So who tests the tests? The question may seem frivolous, but the answer is simple, Mutant does!

Mutant is a mutation tester. To appreciate what it does, let’s imagine doing its job by hand. Appoint a person in your team to be the saboteur, their job is to pick a piece of fully tested code and deliberately introduce defects. If this can be done without raising an alarm, in other words, without causing a test to fail, then a test is missing. It’s then up to the original author to add a test case to detect the sabotage.

Do this long enough and it will become very difficult to find code that can still be tampered with freely. Contrast this with traditional “line coverage” tools. Does 100% line coverage mean the code is impervious to sabotage? Certainly not! In fact, it’s possible to write tests that execute every single line of code without making a single useful assertion about them. The fun our saboteur will have!

Mutant automates this process, it changes your code in many small ways, creating hordes of mutants. If this freak code causes a test to fail, the mutant is considered killed. Only if, at the end of the line, not a single mutant is left alive have you achieved 100% mutation coverage.

We’ll explain Mutant with an example from the real world, demonstrating both the workings and the workflow. Our running example will be a tool that takes a local HTML file as its input, and bundles all local and remote assets together in a directory, so the document can be viewed afterwards without a network connection. Here’s how to use it:

AssetPackager.new('foo/bar.html').write_to('baz')

The result is a file baz.html, and a directory baz_assets containing all stylesheets, scripts and images. When encountering a reference like

<link rel="stylesheet" src="http://example.com/style.css" />

it will download the stylesheet, give it a unique file name based on its contents:

<link rel="stylesheet" src="baz_assets/48d6215903dff56238e52e8891380c8f.css" />

I only have space to reproduce the interesting bits here. The full revision history can be found on Github.

As a first step, we’ll write a method that can handle the different types of URI’s we want to handle. HTTP and HTTPS URI’s need to be retrieved as such, relative URI’s as well as URI’s using the file:// scheme will be searched for on the local file system.

This is the implementation:

module AssetPackager
  class Processor
    attr_reader :cwd

    # @param cwd [Pathname] The working directory for resolving relative paths
    def initialize(cwd)
      @cwd = cwd
    end

    def retrieve_asset(uri)
      uri = URI(uri)
      case
      when %w[http https].include?(uri.scheme) || uri.scheme.nil? && uri.host
        Net::HTTP.get(uri)
      when uri.scheme.nil? || uri.scheme == 'file'
        File.read(cwd.join(uri.path))
      end
    end
  end
end

And the first version of our tests. For the local URI’s, we’ll point to a fixture file. For the remote URI’s, we’ll mock out the call to Net::HTTP.get.

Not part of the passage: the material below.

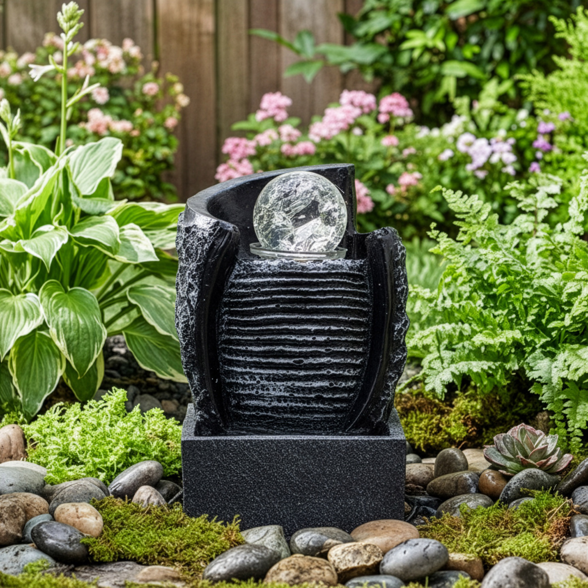 L’acqua scorre delicatamente sopra il vaso e sotto la sfera trasparente, creando un movimento rillasante e continuo che cattura la luce e aggiunge interesse visivo senza sovrastare lo spazio. La sfera diventa il punto focale del design, amplificando la sensazione di tranquillità e riflettendo luce e movimento mentre l’acqua circola.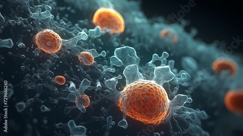 Various shapes of bacteria, probiotics under microscope, science, medicine concept background

describe AssetPackager::Processor do
  let(:cwd) { AssetPackager::ROOT }
  let(:processor) { AssetPackager::Processor.new(cwd) }

  describe '#retrieve_asset' do
    subject(:asset) { processor.retrieve_asset(uri) }

    shared_examples 'local files' do |uri|
      it 'should load the file from the local file system' do
        expect(processor.retrieve_asset(uri)).to eq 'section { color: blue; }'
      end
    end

    shared_examples 'remote URIs' do |uri|
      it 'should retrieve the file through Net::HTTP' do
        expect(Net::HTTP).to receive(:get).with(URI(uri)).and_return('abc')
        expect(processor.retrieve_asset(uri)).to eq 'abc'
      end
    end

    fixture_pathname = AssetPackager::ROOT.join 'spec/fixtures/section.css'

    include_examples 'local files', fixture_pathname.to_s
    include_examples 'local files', "file://#{fixture_pathname}"

    include_examples 'remote URIs', 'http://foo.bar/baz'
    include_examples 'remote URIs', 'https://foo.bar/baz'
  end
end

According to rpsec all is green and good, and we’re certainly covering all lines of retrieve_asset. Let’s see what Mutant has to say.

mutant -I lib -r asset_packager --use rspec 'AssetPackager*'

That’s a mouthful. First, tell Mutant how to load our code under test using the same -I, --include and -r, --require flags that Ruby itself uses.

Then specify which “strategy” to use to “kill” mutants. Currently only the RSpec strategy is implemented, which makes for easy picking. Finally, hand Mutant one or more “patterns”. In this case, tell it to do its magic on the complete AssetPackager namespace (notice the *).

We could also pass it the name of a single class, module, class method (Foo::Bar.the_method), or instance method (Foo::Bar#an_instance_method).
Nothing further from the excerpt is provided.